Currently, AI vendors frequently disclaim responsibility for real-world attacks against their systems, categorizing incidents as “social engineering” or user misuse rather than security vulnerabilities. That framing may be technically defensible, but as AI becomes embedded in browsers, development environments, enterprise workflows, and autonomous agents, it’s increasingly untenable.

Applying the Cloud Model to AI

AI is a platform, with plugins, extensions, memory systems, agents, and automation capabilities. And just as with the cloud, AI vendors control critical parts of the stack that can introduce systemic risk. The cloud industry already solved this problem conceptually. The same structure applies to AI platforms across three layers:

AI as Software (SaaS): When users interact with AI through standalone applications — chatbots, AI assistants — they’re consuming it as a software service. The vendor is responsible for platform integrity, interface safety, and backend infrastructure. The customer is responsible for how they use it, what data they input, and access management.

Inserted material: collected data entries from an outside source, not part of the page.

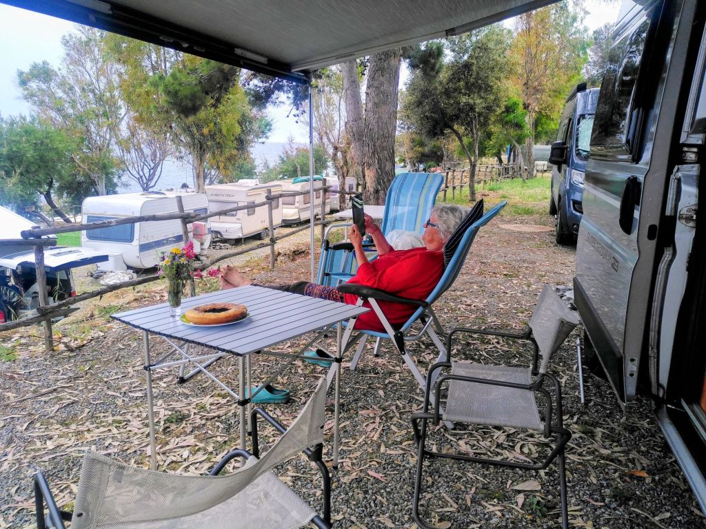 Auf unserem Campingplatz muss man zum Internet laufen, manchmal funktioniert es am Strand, manchmal oben an der Rezeption. Am Nachmittag gehe ich also zum Internet, Wordeln und Italienisch lernen, damit die streaks nicht abreißen. Außerdem ist der Blick hier schön.
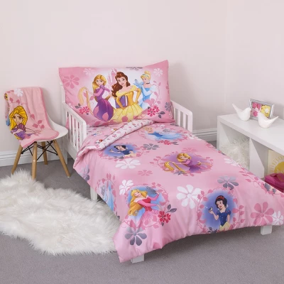 The Disney Pretty Pretty Princess 4 Piece Toddler Bed Set includes a comforter, fitted bottom sheet, flat top sheet, and reversible pillowcase. This cute comforter measures 42″ x 57″ and features the enchanting Princess Ariel, Belle, Rapunzel, Cinderella, and Snow White. Detailed with lovely florals in shades of pink, blue, yellow, lavender, and white. The fitted bottom sheet and flat top sheet are both featured in a pretty allover pattern with the princesses and pretty flowers in shades of pink, lavender and white. The top sheet measures 45″ x 60″ and fits a standard size crib/toddler mattress. The fitted sheet measures 28″ x 52″ and includes full elastic edges for a safe and snug fit. The reversible pillowcase features enchanting Ariel, Cinderella, Belle, and Rapunzel. Measures 20″ x 30″ and uses a standard size pillow. All made with snuggly soft fabrics. Perfect for your little princess room!
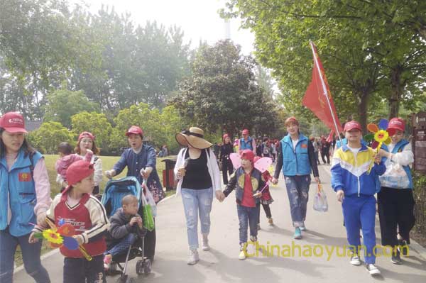 2018年4月25日,昊源志愿者服務(wù)隊(duì)攜手阜陽市福利院,帶領(lǐng)孤殘兒童來到阜陽生態(tài)園踏青游玩,讓孤殘兒童親近大自然,感受春天,增長見識(shí)。

AI as a Platform (PaaS): AI browsers, copilots, plugin ecosystems, and tool integrations represent a platform layer. Vendors provide frameworks that allow third-party tools and extensions. Security responsibilities must be shared: vendors must enforce sandboxing, permissions, and safe APIs, while customers must vet extensions, manage integrations, and implement governance policies.

AI Infrastructure (IaaS): At the deepest level, organizations are building autonomous agents, workflows, and AI applications on top of models. Here, the deploying organization bears responsibility for system design, data flows, and operational security. The model provider remains responsible for underlying infrastructure, model integrity, and platform safeguards.

The cloud era taught us that security frameworks must evolve alongside technology, and AI has reached the same inflection point cloud computing hit 10–15 years ago. If we wait for major AI-driven breaches before defining responsibility boundaries, we’re only repeating mistakes we’ve already learned how to avoid.

We know how this story ends when the industry moves too slowly. This time, let’s get ahead of it.